Quelqu’un signale un Marc Bellocchio autant Extérieur Nuit combien Kidnappé ils traitent du thème du kidnapping, et donc le sujet doit beaucoup intéresser et intriguer le réalisateur. Regard apprécie la question et compare l’histoire de Aldo Moro et celui de Edgardo Mortara: « Ici, il y a un enfant qui est violemment arraché à sa famille, alors que là, c’est un grand homme d’État qui est kidnappé. Certes, les deux enlèvements partagent une dimension d’aveuglement. D’un côté, nous avons l’aveuglement idéologique des Brigades rouges qui dit : « Je te kidnappe, je tue l’escorte puis je te tue parce que je suis aveuglément convaincu que cette société deviendra une société communiste dirigée par un parti révolutionnaire de la classe ouvrière. D’un autre côté il y a le Pape avec son idée qu’il n’est pas possible de laisser le bébé, donnez-le.
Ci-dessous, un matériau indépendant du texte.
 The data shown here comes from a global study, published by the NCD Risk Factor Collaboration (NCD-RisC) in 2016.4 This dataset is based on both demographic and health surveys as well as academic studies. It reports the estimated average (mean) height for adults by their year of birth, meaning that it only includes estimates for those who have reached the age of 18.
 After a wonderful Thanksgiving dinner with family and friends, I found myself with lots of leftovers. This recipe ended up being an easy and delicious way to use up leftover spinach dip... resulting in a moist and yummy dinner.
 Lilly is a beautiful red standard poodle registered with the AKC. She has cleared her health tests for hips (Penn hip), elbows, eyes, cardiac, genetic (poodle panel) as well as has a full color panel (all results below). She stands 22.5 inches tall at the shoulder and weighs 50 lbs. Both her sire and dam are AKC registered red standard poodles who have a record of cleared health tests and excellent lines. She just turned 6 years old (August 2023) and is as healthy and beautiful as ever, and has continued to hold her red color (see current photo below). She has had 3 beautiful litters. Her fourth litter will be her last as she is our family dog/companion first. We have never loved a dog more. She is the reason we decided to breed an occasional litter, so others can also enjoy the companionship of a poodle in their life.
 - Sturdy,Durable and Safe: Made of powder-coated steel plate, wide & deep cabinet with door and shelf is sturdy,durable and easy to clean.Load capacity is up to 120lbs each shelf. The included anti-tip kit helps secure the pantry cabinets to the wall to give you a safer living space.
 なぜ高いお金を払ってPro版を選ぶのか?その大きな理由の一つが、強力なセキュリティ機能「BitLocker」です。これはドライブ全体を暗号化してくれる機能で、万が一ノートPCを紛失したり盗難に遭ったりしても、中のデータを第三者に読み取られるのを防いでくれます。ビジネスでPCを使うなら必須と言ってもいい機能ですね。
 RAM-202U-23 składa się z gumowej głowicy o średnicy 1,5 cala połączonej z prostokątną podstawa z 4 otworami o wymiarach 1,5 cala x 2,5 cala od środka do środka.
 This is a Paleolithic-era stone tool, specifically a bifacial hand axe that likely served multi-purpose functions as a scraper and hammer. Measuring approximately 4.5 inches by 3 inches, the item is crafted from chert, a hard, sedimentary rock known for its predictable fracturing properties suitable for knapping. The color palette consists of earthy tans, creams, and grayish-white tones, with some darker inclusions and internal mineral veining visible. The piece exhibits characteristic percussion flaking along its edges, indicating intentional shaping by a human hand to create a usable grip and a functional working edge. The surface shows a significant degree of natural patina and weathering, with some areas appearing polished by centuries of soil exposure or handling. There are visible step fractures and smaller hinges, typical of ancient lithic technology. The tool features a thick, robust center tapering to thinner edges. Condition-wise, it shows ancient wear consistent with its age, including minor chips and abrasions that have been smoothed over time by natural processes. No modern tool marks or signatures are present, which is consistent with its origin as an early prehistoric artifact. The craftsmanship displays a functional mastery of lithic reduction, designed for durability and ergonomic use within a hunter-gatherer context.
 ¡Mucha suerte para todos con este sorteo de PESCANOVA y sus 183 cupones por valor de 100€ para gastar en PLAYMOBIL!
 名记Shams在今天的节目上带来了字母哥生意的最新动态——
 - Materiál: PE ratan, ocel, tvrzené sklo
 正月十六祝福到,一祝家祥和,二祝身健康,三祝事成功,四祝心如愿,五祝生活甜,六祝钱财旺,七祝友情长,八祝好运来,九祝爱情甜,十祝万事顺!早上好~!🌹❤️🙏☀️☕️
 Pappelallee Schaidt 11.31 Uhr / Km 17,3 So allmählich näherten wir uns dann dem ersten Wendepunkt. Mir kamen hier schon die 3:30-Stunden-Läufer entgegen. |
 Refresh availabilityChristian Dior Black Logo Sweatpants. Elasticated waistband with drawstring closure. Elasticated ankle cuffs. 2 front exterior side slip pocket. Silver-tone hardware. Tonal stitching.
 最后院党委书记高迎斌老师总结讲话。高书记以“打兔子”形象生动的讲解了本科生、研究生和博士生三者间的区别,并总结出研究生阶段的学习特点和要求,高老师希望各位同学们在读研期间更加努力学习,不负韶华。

L’avant-dernier titre du film, qui a ensuite été mis de côté car peu commercial, était je ne pose pas et cela signifiait précisément ceci : nous ne pouvons pas abandonner l’enfant parce que l’enfant est chrétien, donc il doit être éduqué de manière chrétienne et rester chrétien pour toujours. Aussi ouvert d’esprit que je sois, pape françois elle ne remet pas en cause les commandements ou les principes du christianisme, et même en cela il y a une forme d’aveuglement ».

Marc Bellocchio est en forme le jour de la présentation à Cannes de Kidnappé comme c’est le cas depuis plusieurs années. Un journaliste lui demande s’il vit une seconde jeunesse. Il répond : « Si oui, je remercie ma femme. Je ne sais pas, je dis juste qu’on n’est pas éternel, à un certain moment la vie se termine. Malgré ça, j’essaie de ne pas me précipiter, de ne pas être compulsif. Certains de mes collègues font un film chaque année, alors que je ne travaille que sur des choses qui me touchent profondément ».